DIRECTIONS FOR THIS TASK → I'd like the listing below copied exactly, with the images left out.
DATA SECTION: Begin
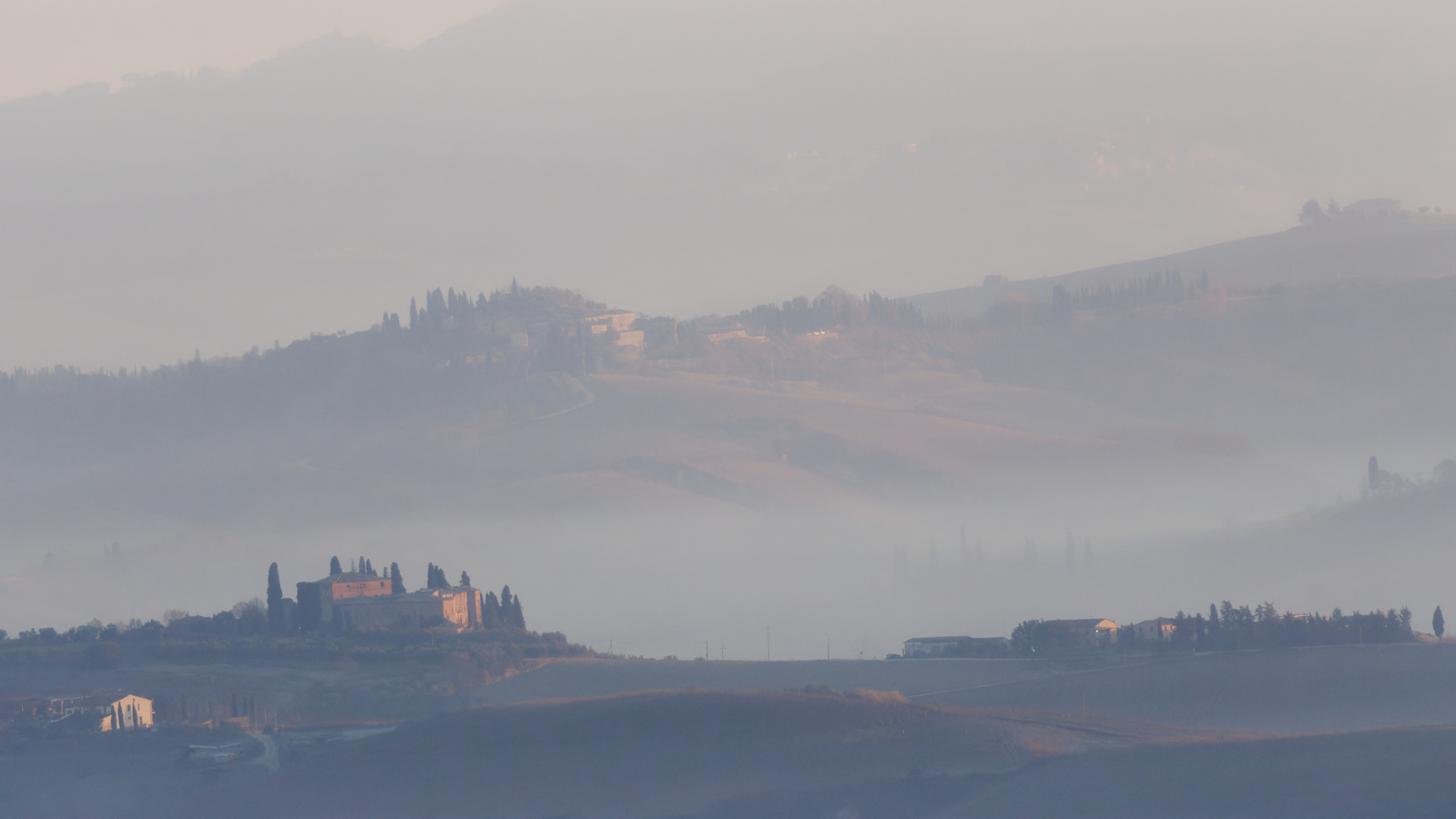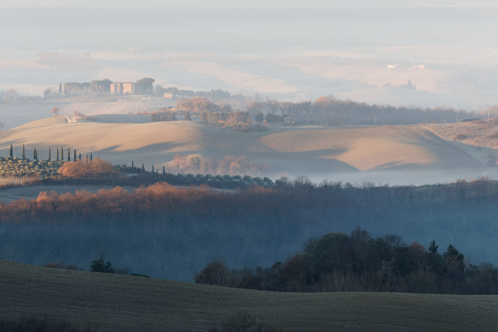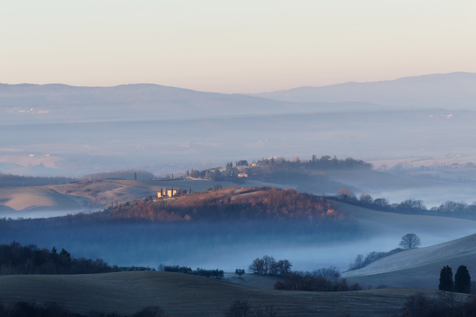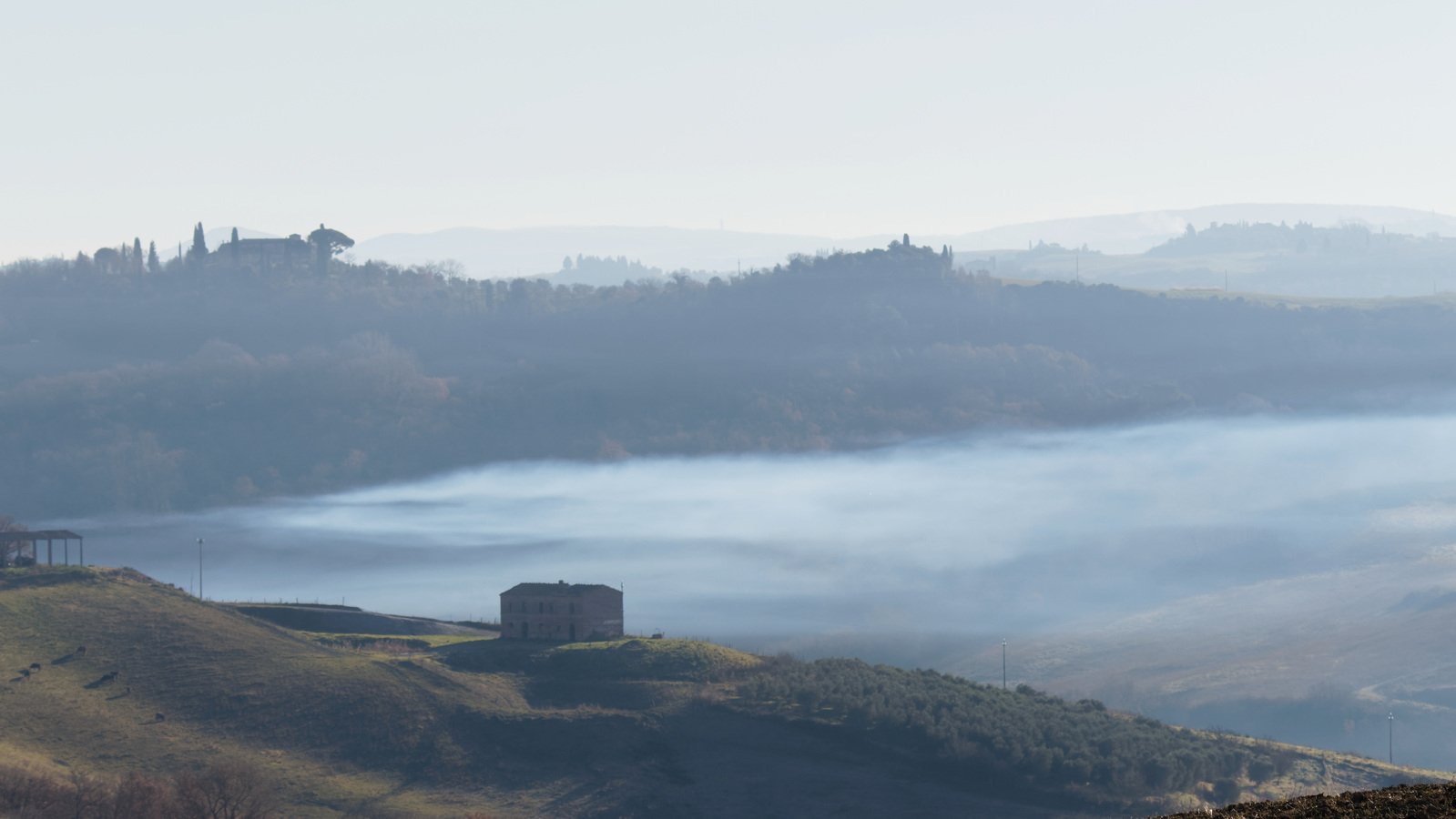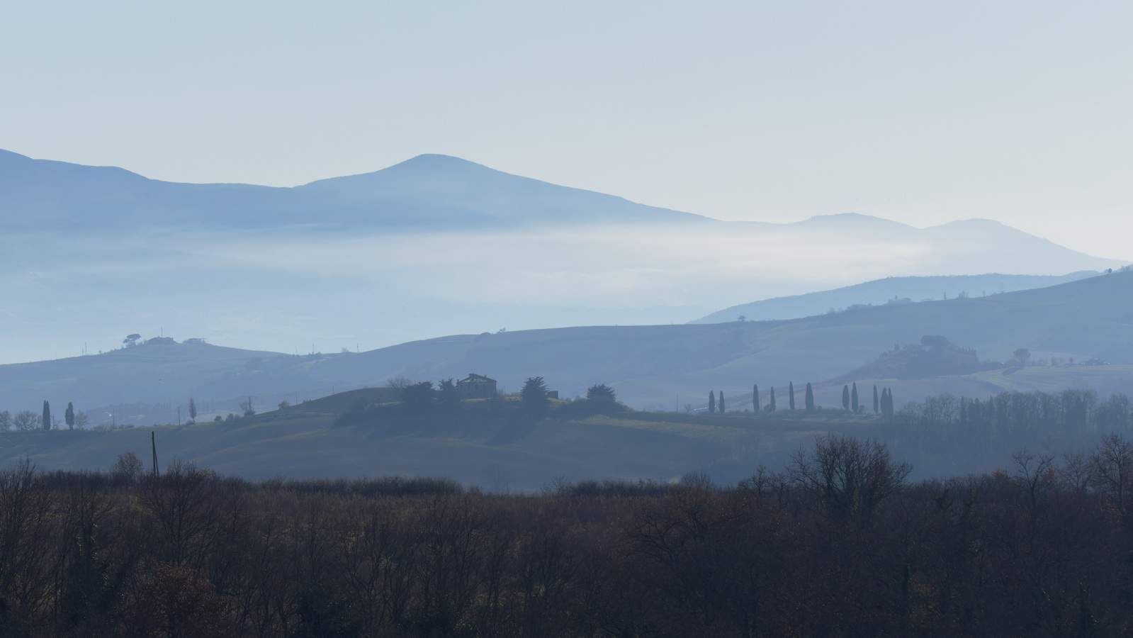 Le Val d’Orcia est situé dans la province de Sienne en Toscane.  Joyau parmi les joyaux, il fait figure de terre bénie des dieux. Il apparaît sur toutes les destinations touristiques et offre à chaque visiteur, même le moins curieux, des lieux de découverte d’une rare beauté.  Ses collines douces bordées ou couronnées de rangées de cyprès florentins sont surtout célèbres pour ses peintures et ses photos de champs fleuris aux couleurs extraordinaires. On pourrait dès lors être tenté de fuir les saisons a priori moins favorables, dont l’hiver. Ce serait une erreur car le Val d’Orcia offre, même en saison froide, des paysages qui enchanteront les visiteurs. Les photos qui suivent ont été réalisées dans les derniers jours de l’année 2004 au moment où les collines étaient nimbées de brumes matinales, ajoutant un voile de douceur de plus en plus épais au fur et à mesure que les regards se perdent dans le lointain. Et la magie fût complète quand au matin du 31 décembre 2024 nous avons ouvert les volets de la fenêtre de l’hôtel Rei di Capitani à Montalcino. Le regard s’ouvre sur l’immense vallée de la rivière d’Orcia, baignée dans la brume matinale. De timides rayons d’un soleil levant inondent les plans successifs qu’un artiste divin a déposé là et offert à la contemplation des humains.
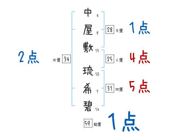 天運![]() | 中屋敷琉希碧さんの天運は28画の1つ星!家庭環境に注意。スポーツで活躍できる能力があるかも。 家系が持つ宿命的な運勢を表します。祖先から受け継いだ苗字ですので自分の力が及びません。家柄を象徴します。 |
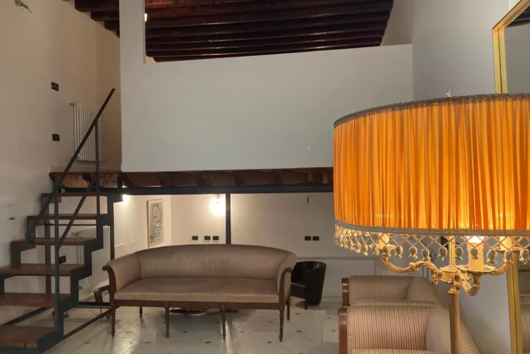 Ca de la Cenise is an apartment where the space itself makes the difference. 70 square metres arranged sensibly: a double bedroom on a mezzanine, a separate single room that can also serve as a study, and an open-plan living area with high ceilings and exposed beams. The building dates to the 1700s and has its own particular history — this was once the bakery that supplied half of Venice. The original beams are still there, a reminder that you’re living inside a piece of Venetian history. The apartment has been recently renovated, so the character of the historic architecture comes with modern comforts. It’s on the ground floor, which makes arriving with luggage or travelling with children considerably more straightforward. The position is practical: close to everything but on a quiet stretch of Castello, where everyday Venetian life carries on without much of a crowd.
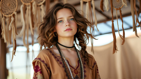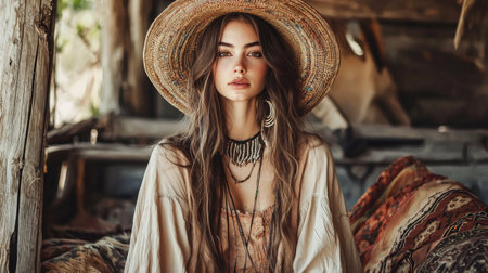 Young woman with long brown hair wearing bohemian style clothing, posing in a rustic setting. Ai generative
DATA SECTION: End
PROBLEM SOLUTION →
 Le Val d’Orcia est situé dans la province de Sienne en Toscane.  Joyau parmi les joyaux, il fait figure de terre bénie des dieux. Il apparaît sur toutes les destinations touristiques et offre à chaque visiteur, même le moins curieux, des lieux de découverte d’une rare beauté.  Ses collines douces bordées ou couronnées de rangées de cyprès florentins sont surtout célèbres pour ses peintures et ses photos de champs fleuris aux couleurs extraordinaires. On pourrait dès lors être tenté de fuir les saisons a priori moins favorables, dont l’hiver. Ce serait une erreur car le Val d’Orcia offre, même en saison froide, des paysages qui enchanteront les visiteurs. Les photos qui suivent ont été réalisées dans les derniers jours de l’année 2004 au moment où les collines étaient nimbées de brumes matinales, ajoutant un voile de douceur de plus en plus épais au fur et à mesure que les regards se perdent dans le lointain. Et la magie fût complète quand au matin du 31 décembre 2024 nous avons ouvert les volets de la fenêtre de l’hôtel Rei di Capitani à Montalcino. Le regard s’ouvre sur l’immense vallée de la rivière d’Orcia, baignée dans la brume matinale. De timides rayons d’un soleil levant inondent les plans successifs qu’un artiste divin a déposé là et offert à la contemplation des humains.
 天運![]() | 中屋敷琉希碧さんの天運は28画の1つ星!家庭環境に注意。スポーツで活躍できる能力があるかも。 家系が持つ宿命的な運勢を表します。祖先から受け継いだ苗字ですので自分の力が及びません。家柄を象徴します。 |
 Ca de la Cenise is an apartment where the space itself makes the difference. 70 square metres arranged sensibly: a double bedroom on a mezzanine, a separate single room that can also serve as a study, and an open-plan living area with high ceilings and exposed beams. The building dates to the 1700s and has its own particular history — this was once the bakery that supplied half of Venice. The original beams are still there, a reminder that you’re living inside a piece of Venetian history. The apartment has been recently renovated, so the character of the historic architecture comes with modern comforts. It’s on the ground floor, which makes arriving with luggage or travelling with children considerably more straightforward. The position is practical: close to everything but on a quiet stretch of Castello, where everyday Venetian life carries on without much of a crowd.
 Young woman with long brown hair wearing bohemian style clothing, posing in a rustic setting. Ai generative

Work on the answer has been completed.